A invenção da escrita constitui um dos acontecimentos primordiais da história da Humanidade. Pode comparar-se à revolução criada, no nosso tempo, pela introdução da informática que permite a transmissão universal e instantânea de dados. Os primeiros sistemas de escrita, no IV milênio a.C., eram silábicos. As silabas eram materializadas por desenhos que representavam objetos familiares, como se, em Francês, um sinal esboçando a silhueta de um gato (chat) representasse de fato a silaba “cha”, ou um sinal figurando um vaso (pot) a silaba “pó”, servindo a sua justaposição para escrever a palavra chapeau (chapéu). Estes desenhos não tardaram a tornar-se sinais puramente convencionais.
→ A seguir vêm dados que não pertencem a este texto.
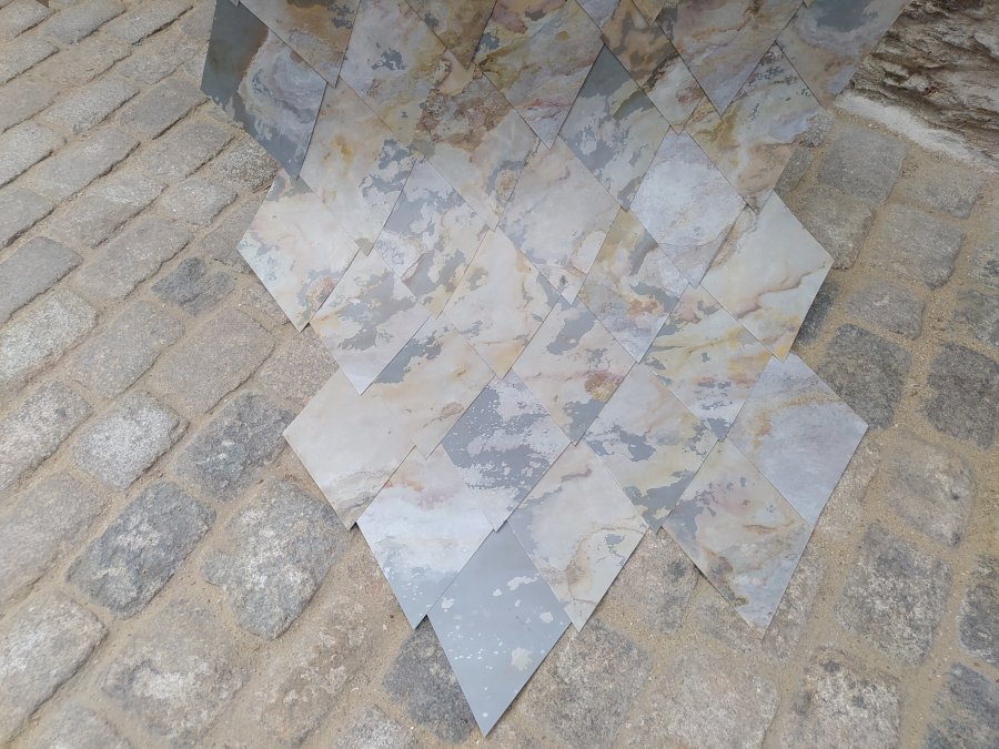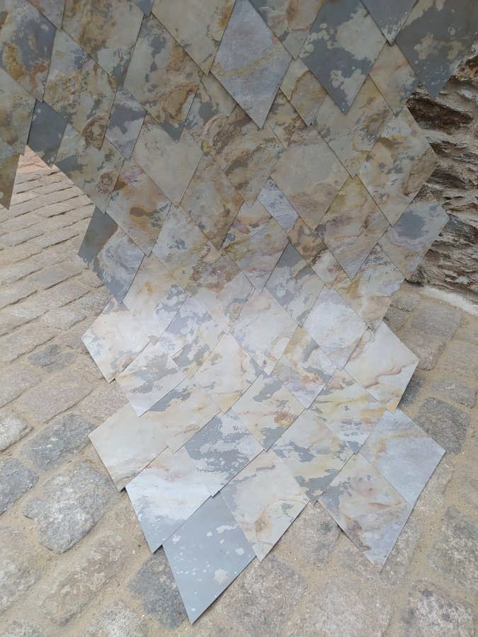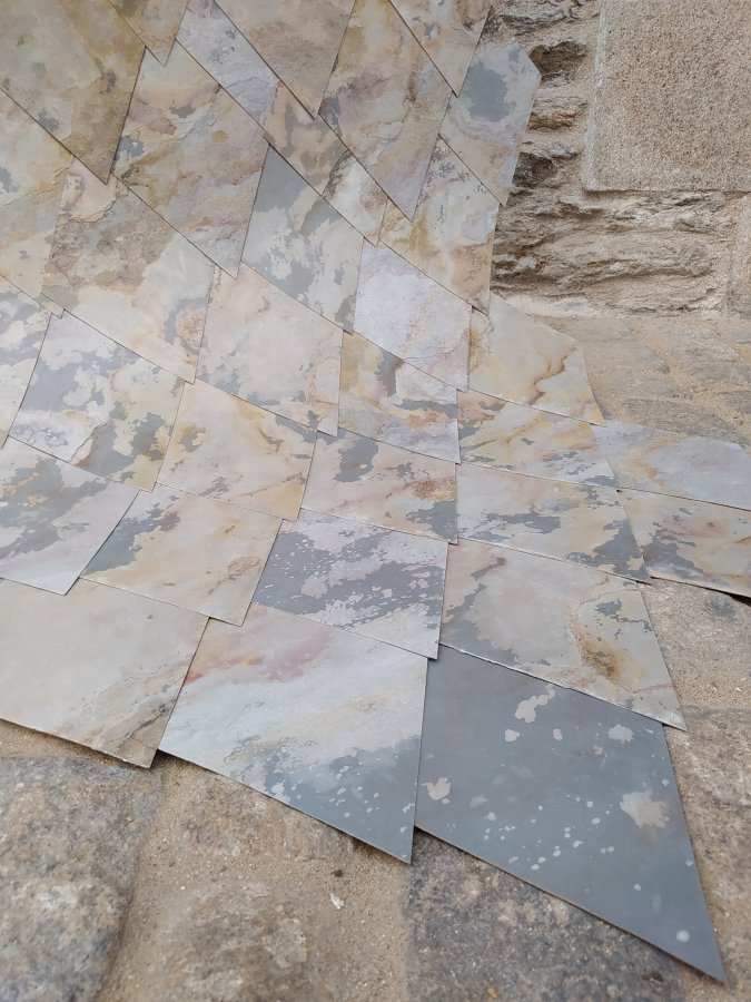 Ce drapé d’écailles de pierres en négociation avec l’espace met en abîme le support. S’agit-il de faire ou recevoir une image ? Cette sculpture se joue de l’impermanence, représente une sorte de vanité contemporaine et soulève l’ambivalence entre souplesse et autorité.

Entretanto, na época em que os hebreus começaram a redigir os textos da Bíblia, o sistema de escrita silábica, que precisava de nada menos que trezentos sinais, tinha dado lugar ao alfabeto, que utiliza dez vezes menos. A simplificação trazida pela introdução deste sistema, na segunda metade do II milênio a.C., aumentava a possibilidade de difusão da leitura e da escrita. Os não iniciados ficam por vezes surpreendidos ao saber que o hebraico se escreve essencialmente à base de consoantes. Com efeito, a leitura de um texto cujas vogais estão ausentes não comporta dificuldades intransponíveis. De resto, desde os primeiros séculos da nossa era, essas vogais fizeram o seu aparecimento na Bíblia hebraica sob a forma de um sistema de pontos e de traços que acompanham as consoantes tradicionais.

O Codex Sinaiticus.

Este manuscrito do século Iv, redigido em “uncial bíblica” (letras maiúsculas), contém passagens do Antigo Testamento, o texto integral do Novo Testamento e, além disso, a epístola de Barnabé e uma parte do Pastor de Hermas. O professor Tischendorf descobriu-o em 1844, no mosteiro de Santa Catarina, no monte Sinai, mas só pode adquirir-lo quinze anos mais tarde. Oferecido inicialmente ao czar Alexandre 11 da Rússia, o manuscrito foi em seguida comprado pela Grã-Bretanha para ser exposto no British Museum. O Texto apresenta-se disposto em quatro colunas por páginas, com correções que datam dos séculos IV, I e VII.

Martinho Lutero, reformador e tradutor.

Em finais de abril de 1521, quando regressava de Worms, onde tinha ido defender a sua causa na presença do imperador, Lutero foi “raptado” na estrada de Winttenberg. O objetivo desse “rapto” era subtraí-lo aos seus inimigos . Deixou crescer a Barba, adotou um traje civil (ele era monge) e passou a chamar-se Junker (cavaleiro) Georg. Viveu assim na clandestinidade no Castelo de Wartburg, perto de Eisenach. Foi aí que, em dezembro de 1521, começou a traduzir o Novo Testamento em Alemão, a fim de pô-lo à disposição de todos os que sabiam ler. Em onze semanas, lapso de tempo prodigiosamente curto, obra ficou concluída. Foi Publicada e setembro de 1522, ilustrada por Lucas Cranach e seus discípulos. Uma segunda edição apareceu em dezembro de 1522, seguida de outras doze ao longo do ano seguinte.

A tradução do Antigo Testamento ocupou Lutero durante doze anos, de 1522 a 1534. Terminou o Pentateuco em 1523 e, ano após ano, publicou, um a um, todos os livros do cânon bíblico. Finalmente, em 1534, fez publicar uma edição completa da Bíblia em alemão, cujo texto não deixou de aperfeiçoar até a sua morte, em 1546. Esta empresa, que proporcionava a todos a possibilidade de conhecer as Escrituras, desempenhou um papel determinante na Reforma. Através dos seus sermões, os reformadores convidavam os fiéis a fundamentarem  a sua fé e a sua esperança nos textos bíblicos, de preferências a procurarem um exemplo a seguir na vida dos santos.

O exemplo foi seguido, no que se refere à língua francesa, por Olivétan e Castellion. O século XVI pode ser considerado como uma idade de ouro para a tradução e a publicação da Bíblia.